TASK DETAILS:
Return only the lines below starting at the line containing "- 【Compatible Replacement】Compatible" and ending at the line containing "Why was summer", both included, exactly as they are and with no pictures.

DATASET ENTRIES:
---

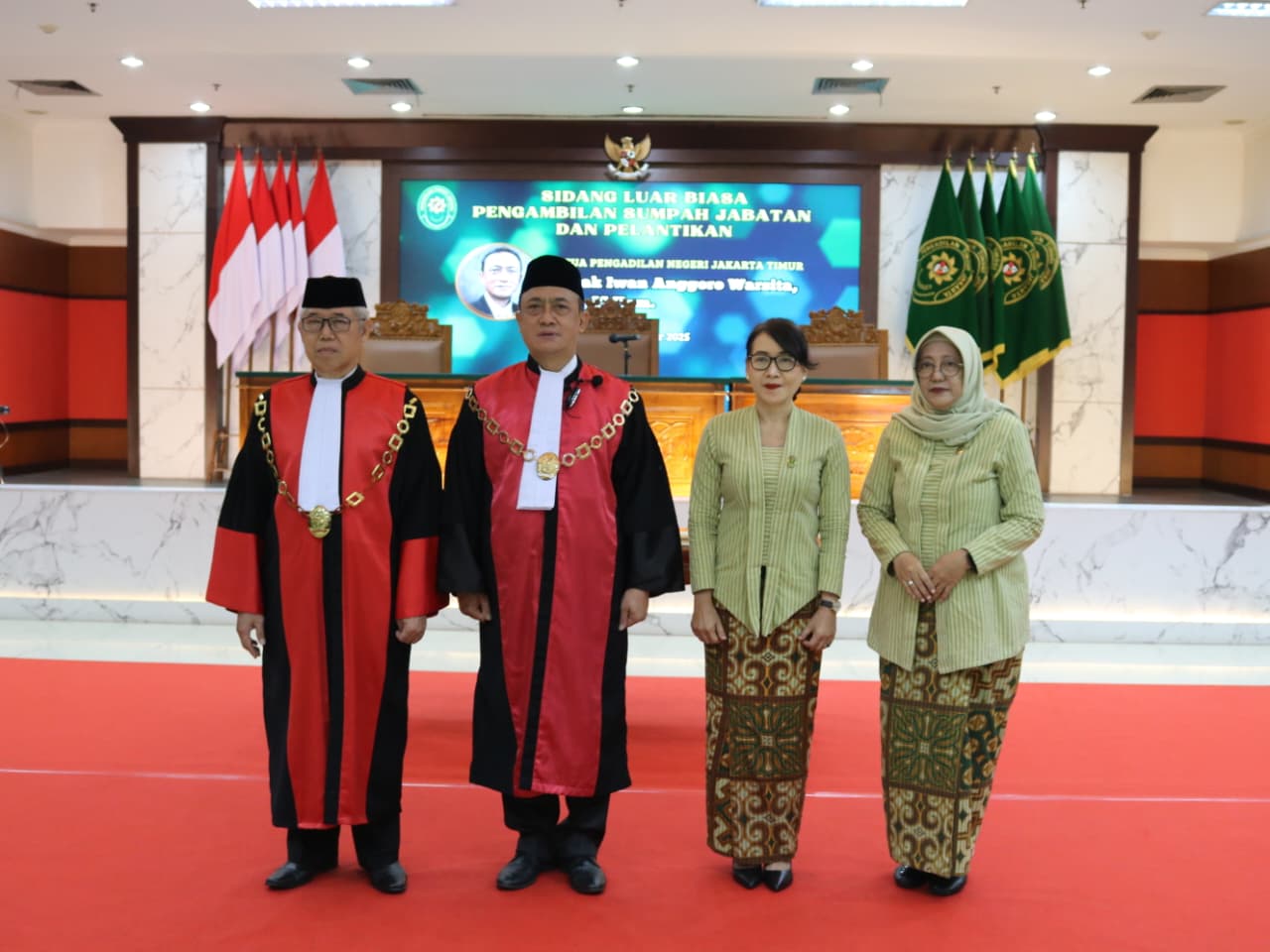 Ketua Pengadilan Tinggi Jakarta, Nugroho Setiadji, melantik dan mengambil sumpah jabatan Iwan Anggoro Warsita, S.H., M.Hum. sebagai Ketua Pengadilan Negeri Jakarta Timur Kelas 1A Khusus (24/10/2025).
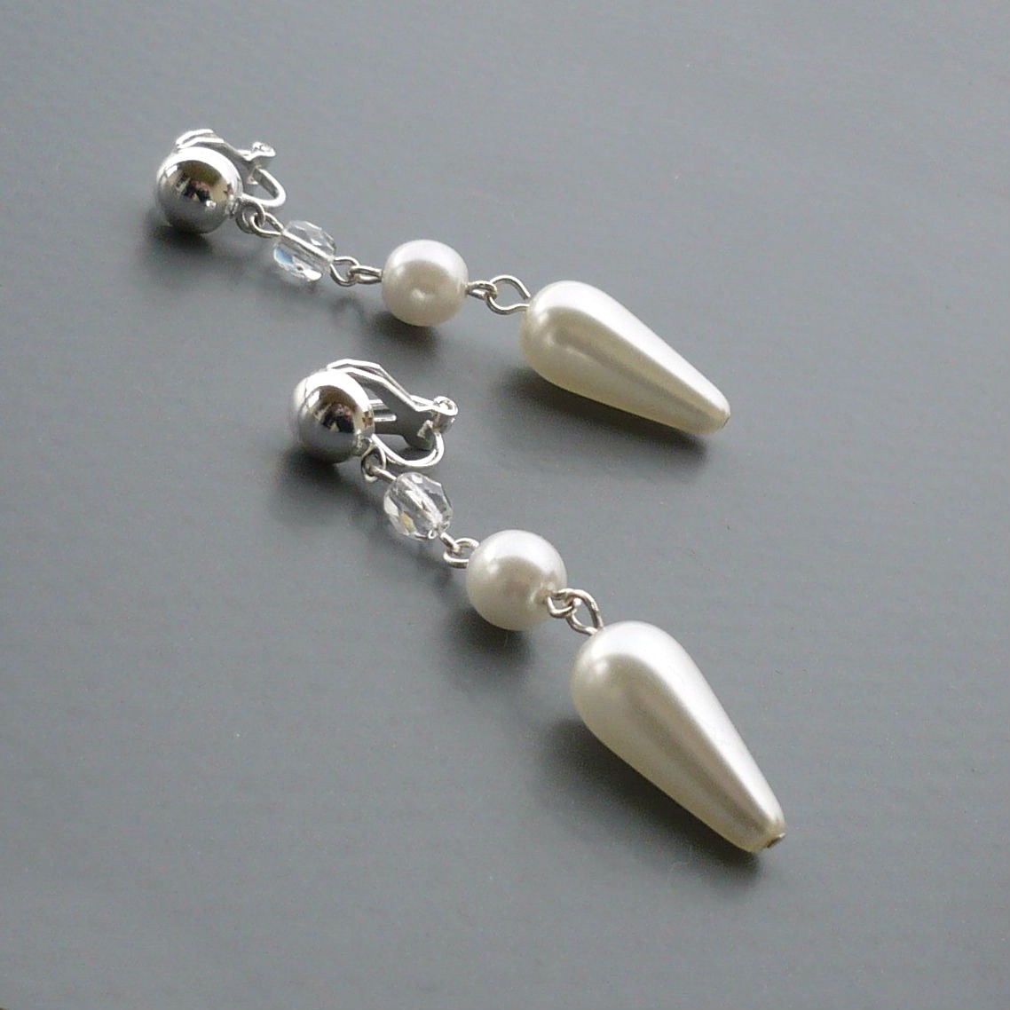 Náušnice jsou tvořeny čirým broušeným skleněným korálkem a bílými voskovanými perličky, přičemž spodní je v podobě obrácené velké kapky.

---

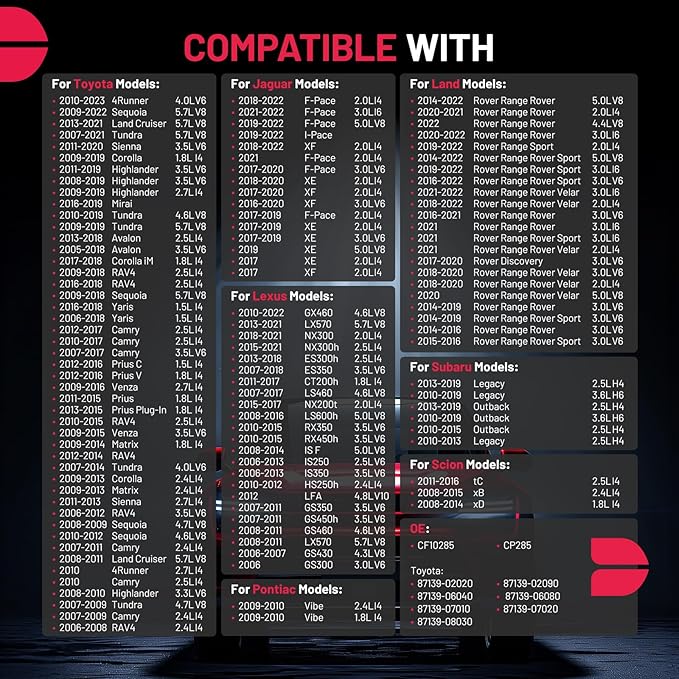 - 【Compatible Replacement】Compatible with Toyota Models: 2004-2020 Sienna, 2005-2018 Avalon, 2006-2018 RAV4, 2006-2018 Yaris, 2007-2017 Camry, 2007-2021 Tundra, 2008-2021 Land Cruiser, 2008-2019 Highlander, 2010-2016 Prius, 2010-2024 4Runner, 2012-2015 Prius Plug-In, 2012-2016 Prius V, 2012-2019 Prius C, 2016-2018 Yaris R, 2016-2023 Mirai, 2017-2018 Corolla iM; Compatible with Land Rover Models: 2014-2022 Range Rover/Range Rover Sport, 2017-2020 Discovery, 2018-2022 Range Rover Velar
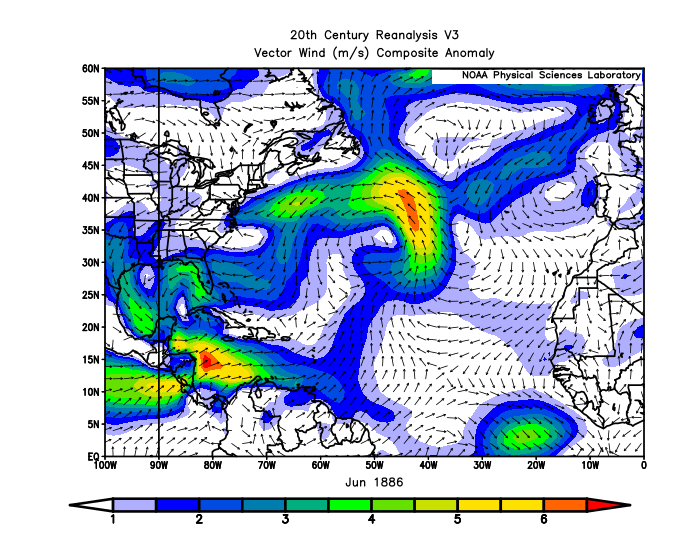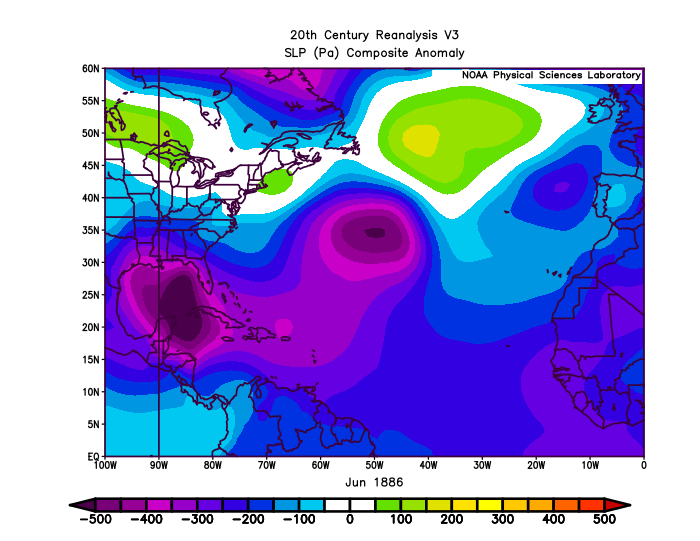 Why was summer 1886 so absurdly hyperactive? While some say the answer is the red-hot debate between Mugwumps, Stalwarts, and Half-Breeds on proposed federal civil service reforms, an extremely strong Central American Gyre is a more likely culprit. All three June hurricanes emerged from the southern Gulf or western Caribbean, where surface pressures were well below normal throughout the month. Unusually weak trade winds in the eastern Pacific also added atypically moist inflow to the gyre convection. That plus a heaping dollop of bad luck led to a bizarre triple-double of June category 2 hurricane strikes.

---

TASK OUTPUT:
 - 【Compatible Replacement】Compatible with Toyota Models: 2004-2020 Sienna, 2005-2018 Avalon, 2006-2018 RAV4, 2006-2018 Yaris, 2007-2017 Camry, 2007-2021 Tundra, 2008-2021 Land Cruiser, 2008-2019 Highlander, 2010-2016 Prius, 2010-2024 4Runner, 2012-2015 Prius Plug-In, 2012-2016 Prius V, 2012-2019 Prius C, 2016-2018 Yaris R, 2016-2023 Mirai, 2017-2018 Corolla iM; Compatible with Land Rover Models: 2014-2022 Range Rover/Range Rover Sport, 2017-2020 Discovery, 2018-2022 Range Rover Velar
 Why was summer 1886 so absurdly hyperactive? While some say the answer is the red-hot debate between Mugwumps, Stalwarts, and Half-Breeds on proposed federal civil service reforms, an extremely strong Central American Gyre is a more likely culprit. All three June hurricanes emerged from the southern Gulf or western Caribbean, where surface pressures were well below normal throughout the month. Unusually weak trade winds in the eastern Pacific also added atypically moist inflow to the gyre convection. That plus a heaping dollop of bad luck led to a bizarre triple-double of June category 2 hurricane strikes.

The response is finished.